The Merseybeats' only original album, recorded in mid-1964 with John Gustafson in their lineup in place of co-founder Billy Kinsley on bass, is a strange hybrid of originals that move between solid harmony-based Liverpool pop/rock ("Milkman," "Really Mystified") and Bo Diddley-influenced rockers ("Funny Face"), juxtaposed with an odd selection of covers, ranging from "Bring It On Home to Me" and "He Will Break Your Heart" (which do work) to an odd selection of show tunes. The better of the latter is a reasonably successful rendition of "Hello Young Lovers" done with rockabilly guitar and some way too busy percussion; much less successful is a soft a cappella rendition of "The Girl That I Marry." The ballad "Lavender Blue" offers a Gustafson arrangement that isn't terribly interesting, and Gustafson's "Jumpin' Jonah" is even more of a ripoff of "Long Tall Sally" (especially as done by the Beatles) than the Beatles' "I'm Down" was.
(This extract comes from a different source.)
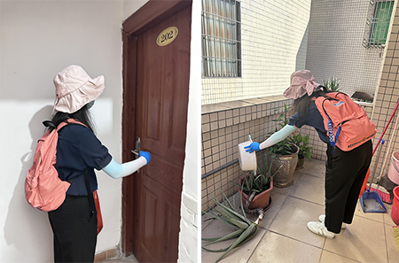 党员们被划分为志愿服务小组,跟随当地村委工作人员的脚步,上门逐户排查卫生隐患,了解登记住户种养水生植物情况和健康状况,宣传讲解基孔肯雅热疫情防控知识,并协助清理公共区域积水,打扫堆积的垃圾杂物,向卫生死角喷洒灭蚊虫剂。
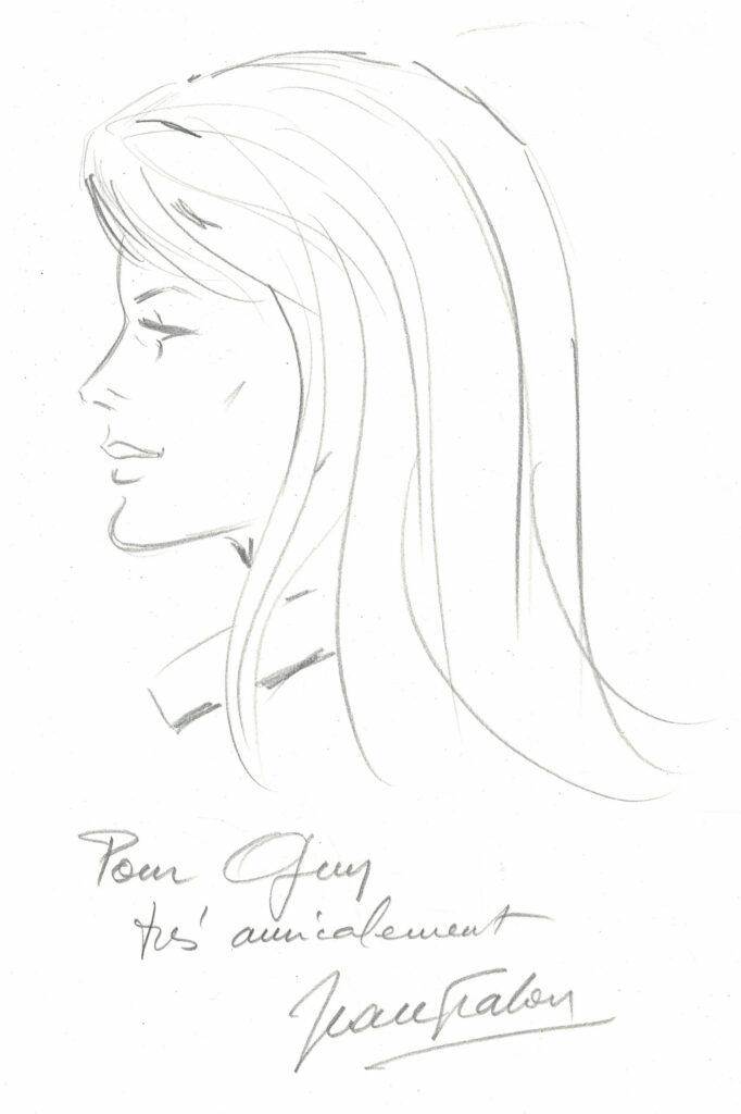 Michel Vaillant, Julie Wood, dédicace à la mine de plomb sur feuille libre. Dimensions : 29,5 cm x 21 cm.

The resulting album, with the Beatlesque single side included, was neither fish nor fowl, and insufficiently strong in any direction other than what their singles already pointed toward to gain the band a wider audience.

Biography

Formed: 1962 in Liverpool, England

Genre: Pop

Years Active: '60s, '90s, '00s, '10s

The Merseybeats were one of the better quartets to come out of the British Invasion without ever making a dent on the charts in the United States — along with the Roulettes, the Chants, and the Undertakers, they represent an undeservedly lost chapter in early-'60s British rock & roll. Although they enjoyed a little less than a year of serious chart success, the Merseybeats were unable to pull together the various facets of their sound into a cohesive, coherent whole in the manner of the...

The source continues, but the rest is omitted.